In the first part of this series, I gave a brief overview of the history and nature of influenza viruses, including why it has been so difficult to develop successful vaccines. The next few articles discuss some of the attempts that have been made to overcome these challenges, including their shortcomings. And in the last installments, I will offer a detailed analysis of the latest and most promising advances in the field.
The Seasonal Approach
Picking up where we left off in the previous article, any successful influenza vaccine has to account for the ability of influenza viruses to mutate. Genetic mutations to vital proteins can lead to antigenic variation changes to parts of the virus that our immune system relies on to stimulate its memory. Although various different parts of the virus serve as antigens, the surface proteins that help it enter and exit host cells are some of the most important. Changes to these proteins can prevent our antibodies from recognizing the virus, rendering them unable to block its spread. Antigenic variation is responsible for influenza reinfections, leading to seasonal flu outbreaks.

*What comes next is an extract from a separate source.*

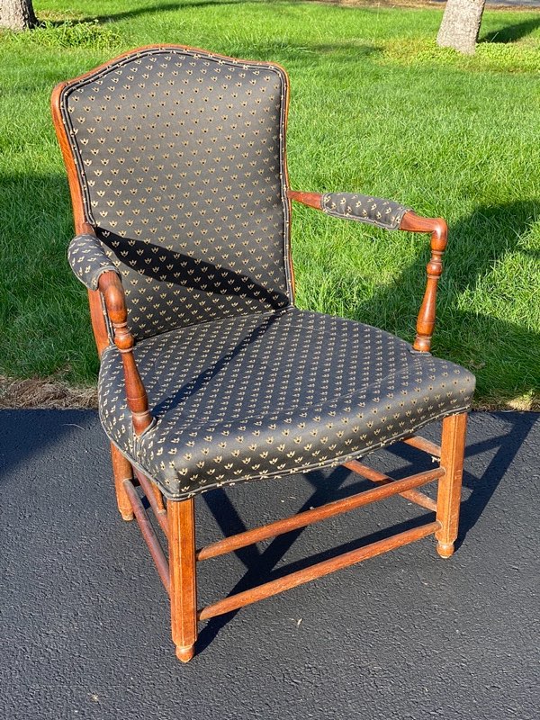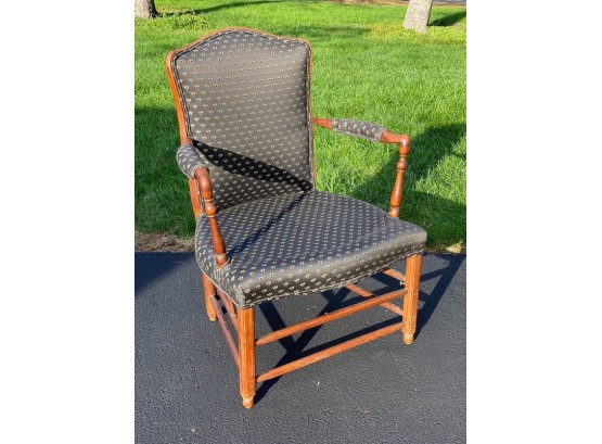 Antique Upholstered Walnut Arm Chair with a curved back and turned arms. The newer upholstery was very well done in black with gold tulips. The exposed rails the back add a lot of interest to this piece making a great choice for an area where it can be seen from the front and the rear. 34h x 25w x 21d

In an attempt to circumvent the issue of antigenic variation, vaccine manufacturers update the flu shot each year based on the latest circulating influenza strains. The idea is to expose our immune system to the antigens it is most likely to encounter during flu season, helping it to build up its antigen-specific defenses in advance once our immune system has built up its memory, it can jump into action straight away should we become infected.
Which influenza strains ultimately get used to make the yearly flu shot is decided on the basis of data collected throughout the year by the World Health Organizations (WHO) Global Influenza Surveillance and Response System (GISRS). This surveillance and response system is made up of roughly 150 different laboratories spread across the globe, each of which gathers thousands of influenza samples from sick patients. The most prevalent viral strains are then shared with five WHO Collaborating Centers for Influenza, which perform further analysis. Two times a year once in preparation for flu season in the Northern Hemisphere, and another in preparation for flu season in the Southern Hemisphere Directors of the WHO Collaborating Centers, Essential Regulatory Laboratories, and representatives of a few of the smaller national laboratories come together to: review the results of surveillance, laboratory, and clinical studies, and the availability of flu vaccine viruses and make recommendations on the composition of flu vaccines. Once the WHO vaccine composition committee has made its recommendations, each country makes a final decision on which viruses they will choose to use in their flu vaccines.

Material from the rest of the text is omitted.